When House of Fraser was purchased by Sports Direct, customers with existing gift cards were told to send them to the Head Office and be issued a replacement. Customers have reported that no replacement for their gift vouchers have been issued so far. With the company silent and unresponsive to customer concerns, the only recourse for customers is to line up as creditors in House of Fraser’s administration.


Why should firms care? 

Customers have been advised to line up as unsecured creditors in the administration. 

The administration procedure within the 1986 Insolvency Act provides a ‘hierarchy’ for repayment to creditors. Secured creditors, typically banks or other lenders, and preferential creditors such as employees, both rank ahead of unsecured creditors in the repayment process

It is not uncommon for unsecured creditors to receive nothing, as the available assets of the company are distributed amongst other creditors first and are usually not sufficient to repay the unsecured creditors in full. 

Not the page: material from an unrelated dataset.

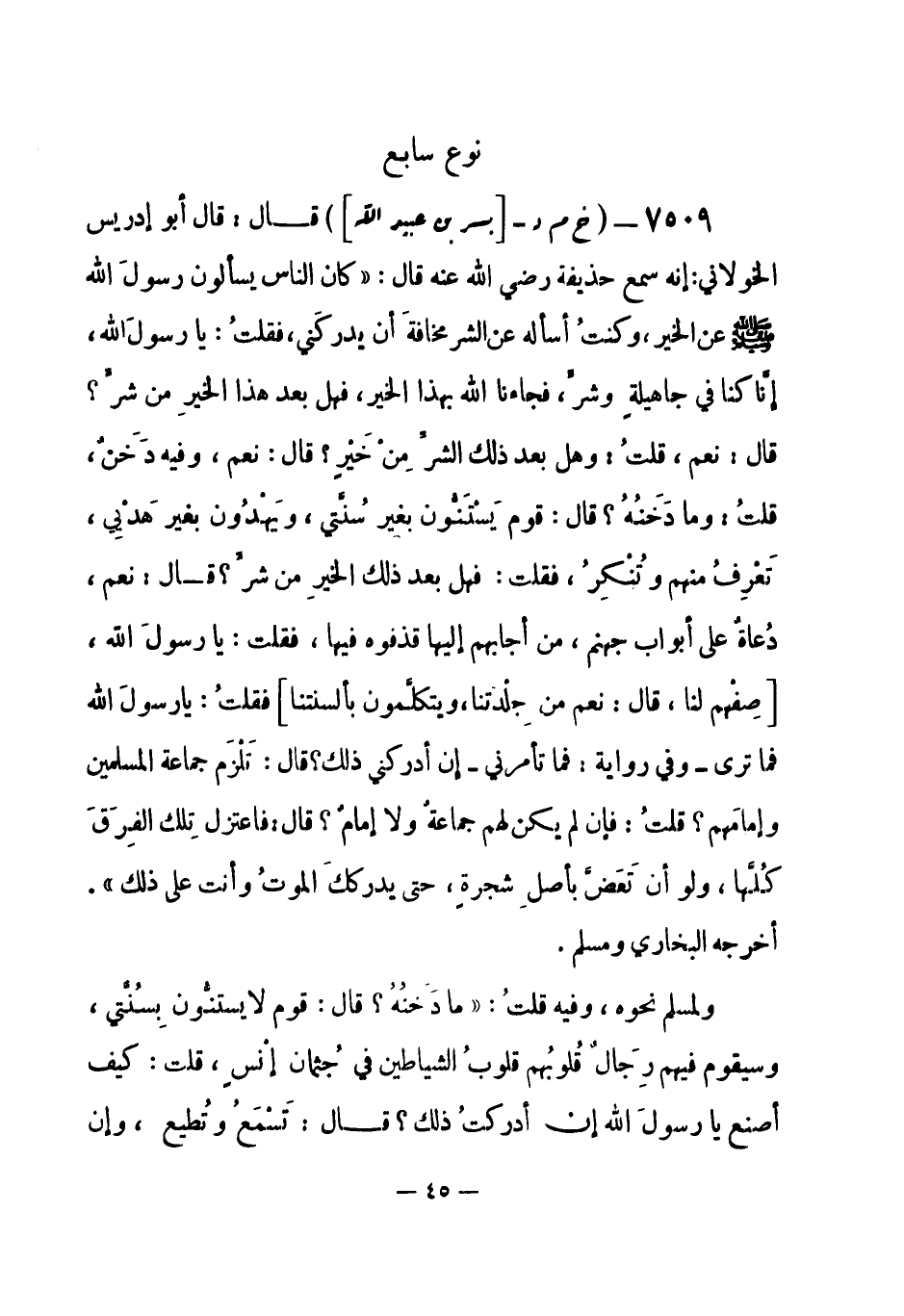 7509 - (خ م د) [بسر بن عبيد الله] قال: قال أَبو إدريس الخولاني: إنه سمع حذيفة - رضي الله عنه - قال: «كان الناس يسألون رسولَ الله - صلى الله عليه وسلم- عن الخير، وكنتُ أسأله عن الشر مخافةَ أن يدركَني، فقلتُ: يا رسولَ الله، إنَّا كنا في جاهليةِ وشرِّ، فجاءنا الله بهذا الخير، فهل بعد هذا الخيرِ من شرِّ؟ قال: نعم، قلتُ: وهل بعد ذلك الشر من خير؟ قال: نعم، وفيه دَخَن، قلت: وما دخنه؟ قال: قوم يَستَنُّون بغير سُنَّتي، وَيهدُون بغير هَدْيي، تَعْرِفُ منهم وتُنْكِرُ، فقلت: فهل بعد ذلك الخيرِ من شرِّ؟ قال: نعم، دُعاة على أبواب جهنم، من أجابهم إليها قذفوه فيها، فقلت: يا رسول الله، [صِفْهم لنا، قال: نعم من جِلْدتنا، ويتكلَّمون بألسنتنا] فقلتُ: يا رسول الله، فما ترى - وفي رواية: فما تأمرني - إن أدركني ذلك؟ قال: تَلْزَم جماعة المسلمين وإمامَهم، قلتُ: فإن لم يكن لهم جماعةُ ولا إمام؟ قال: فاعتزل تِلك الفِرَقَ كُلَّها، ولو أن تَعَضَّ بأصلِ شجرة، حتى يدرككَ الموتُ وأنت على ذلك» . أخرجه البخاري ومسلم.

A news article discussing the Carillion collapse earlier this year indicated that the unsecured trade creditors would receive only £600,000 to share between them, despite their debts of over £100 million. Carillion’s secured creditors’ debts totalled around £900 million, and they will receive payment first from the sale of remaining assets under the Insolvency Act hierarchy. 

Ernst & Young, administrators for House of Fraser, commented that gift card holders are likely to receive only a ‘modest recovery’ against the amount claimed. It has been suggested that House of Fraser customers could be receiving less than 1p for every £1 they are owed and that the process of claiming as an unsecured creditor may take up to 12 months

Gift card holders are also battling against claims from consumers who were refused refunds for goods purchased and paid for online but undelivered before House of Fraser was purchased by Sports Direct. 

The plight of high-street stores has been common in recent years with the growth of low-cost online retailers, coupled with lower household income which has caused slow growth in retail sales. What’s worrying is that despite the administration of high-street stores becoming more common, protection for consumers remains minimal

Limited protection is available under Section 75 of the Consumer Credit Act but only if the value of the purchase was over £100 and a credit card, not a debit card, was used. A claim under Section 75 makes the credit card provider jointly liable with the retailer in the event that the retailer goes out of business. However, there’s no specified time frame for the card provider to resolve your claim and there is still the risk that your claim might be rejected.  

Chances are that most gift cards won’t be for an amount over £100, leaving customers with little choice but to claim as an unsecured creditor in the House of Fraser administration.

While it seems that customers have lost out this time, it may be time to reconsider implementing legislation to strengthen consumer protection in these circumstances.